* MATERIAL SUPPLIED *
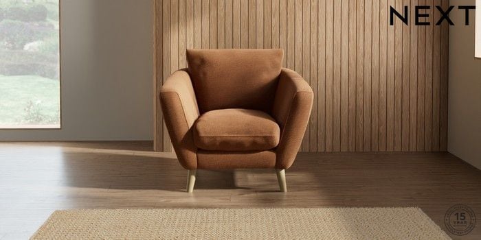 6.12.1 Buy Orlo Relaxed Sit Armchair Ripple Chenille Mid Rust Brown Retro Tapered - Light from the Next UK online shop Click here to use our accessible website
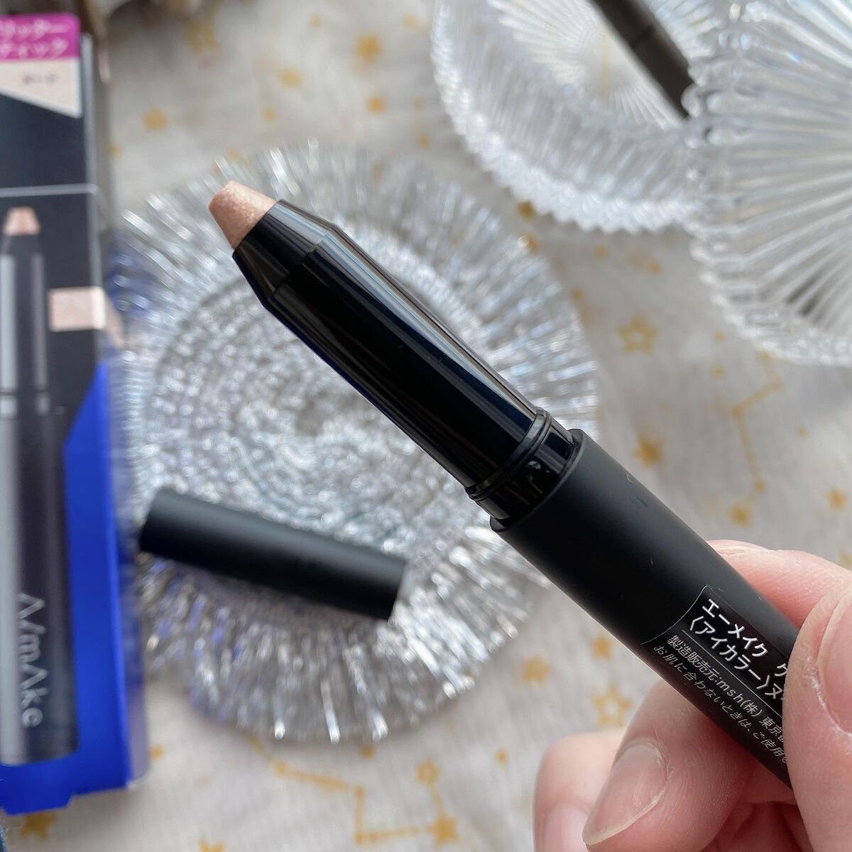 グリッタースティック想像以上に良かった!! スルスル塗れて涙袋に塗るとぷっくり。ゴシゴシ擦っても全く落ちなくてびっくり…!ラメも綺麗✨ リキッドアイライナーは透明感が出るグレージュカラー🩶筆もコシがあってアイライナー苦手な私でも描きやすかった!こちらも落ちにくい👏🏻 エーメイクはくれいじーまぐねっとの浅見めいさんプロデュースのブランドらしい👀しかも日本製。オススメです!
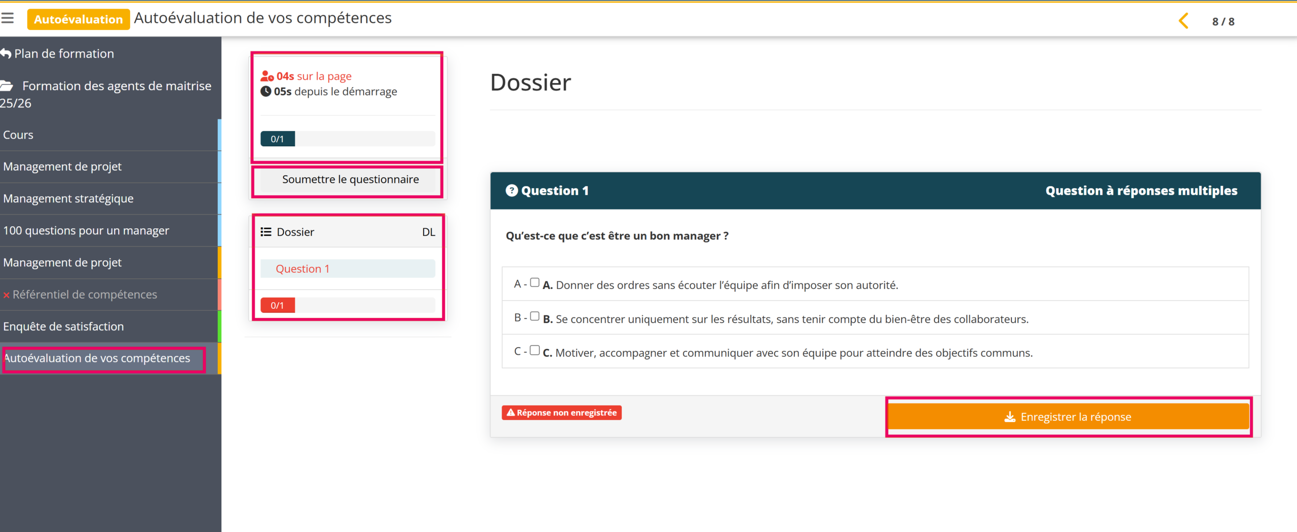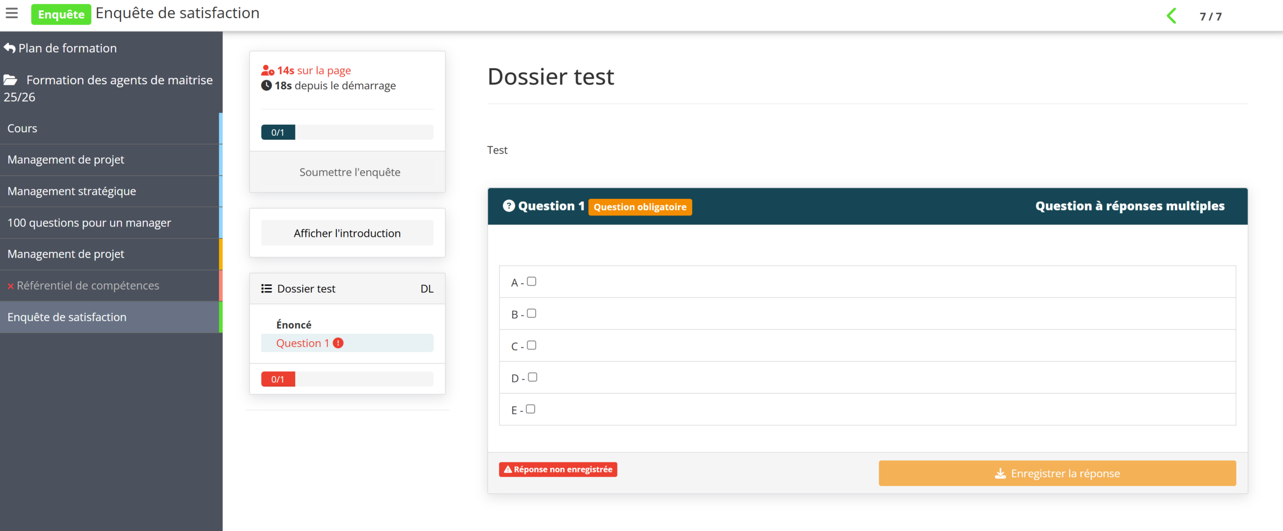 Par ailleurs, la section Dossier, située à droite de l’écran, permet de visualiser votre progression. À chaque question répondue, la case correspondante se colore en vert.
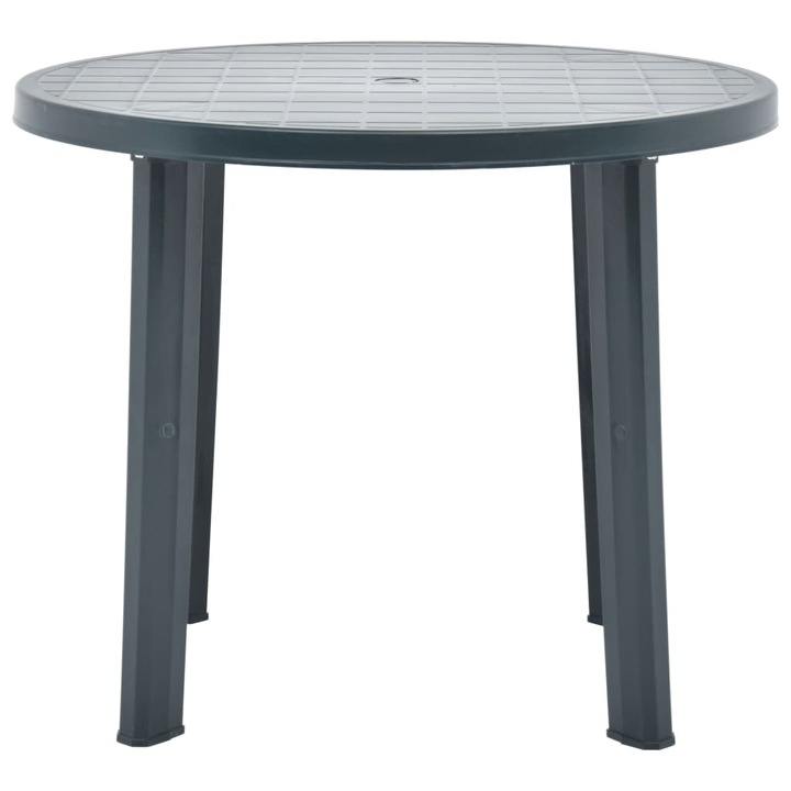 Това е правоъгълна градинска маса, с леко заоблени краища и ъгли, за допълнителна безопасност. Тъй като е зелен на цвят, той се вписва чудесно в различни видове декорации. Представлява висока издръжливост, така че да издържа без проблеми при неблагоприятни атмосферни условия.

==

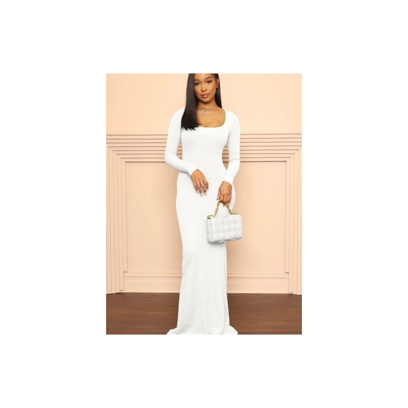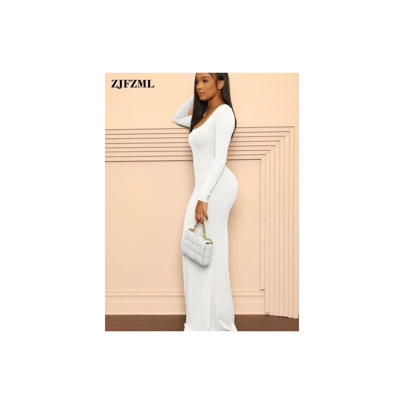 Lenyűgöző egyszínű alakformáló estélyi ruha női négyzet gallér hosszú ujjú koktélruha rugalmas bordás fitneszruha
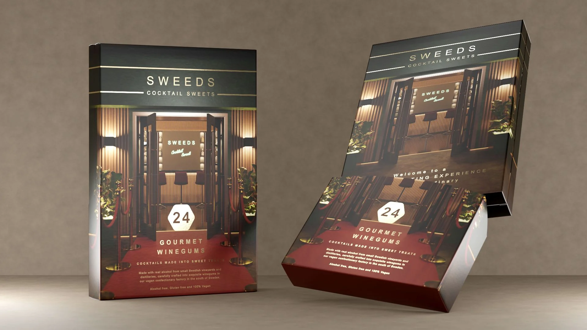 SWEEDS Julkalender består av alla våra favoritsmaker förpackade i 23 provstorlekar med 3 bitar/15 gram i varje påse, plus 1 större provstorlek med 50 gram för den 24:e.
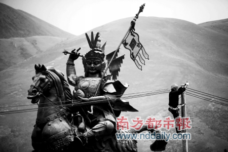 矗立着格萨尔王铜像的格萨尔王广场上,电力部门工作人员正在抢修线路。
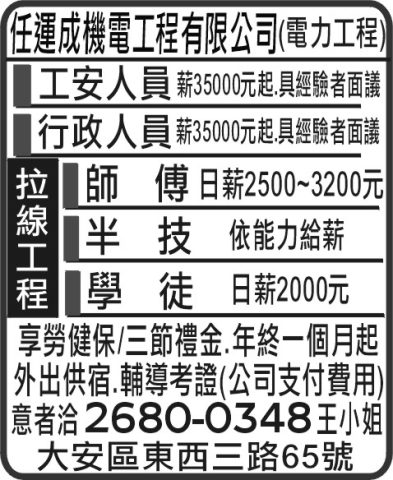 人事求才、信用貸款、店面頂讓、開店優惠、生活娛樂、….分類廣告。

--

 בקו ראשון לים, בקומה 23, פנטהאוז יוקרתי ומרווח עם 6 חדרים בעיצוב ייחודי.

* EXERCISE GOAL *
Reproduce exactly the lines above starting at the line containing "6.12.1 Buy Orlo" and ending at the line containing "Това е правоъгълна", including both, but not the pictures.

* OUTPUT FOR THIS TASK *
 6.12.1 Buy Orlo Relaxed Sit Armchair Ripple Chenille Mid Rust Brown Retro Tapered - Light from the Next UK online shop Click here to use our accessible website
 グリッタースティック想像以上に良かった!! スルスル塗れて涙袋に塗るとぷっくり。ゴシゴシ擦っても全く落ちなくてびっくり…!ラメも綺麗✨ リキッドアイライナーは透明感が出るグレージュカラー🩶筆もコシがあってアイライナー苦手な私でも描きやすかった!こちらも落ちにくい👏🏻 エーメイクはくれいじーまぐねっとの浅見めいさんプロデュースのブランドらしい👀しかも日本製。オススメです!
 Par ailleurs, la section Dossier, située à droite de l’écran, permet de visualiser votre progression. À chaque question répondue, la case correspondante se colore en vert.
 Това е правоъгълна градинска маса, с леко заоблени краища и ъгли, за допълнителна безопасност. Тъй като е зелен на цвят, той се вписва чудесно в различни видове декорации. Представлява висока издръжливост, така че да издържа без проблеми при неблагоприятни атмосферни условия.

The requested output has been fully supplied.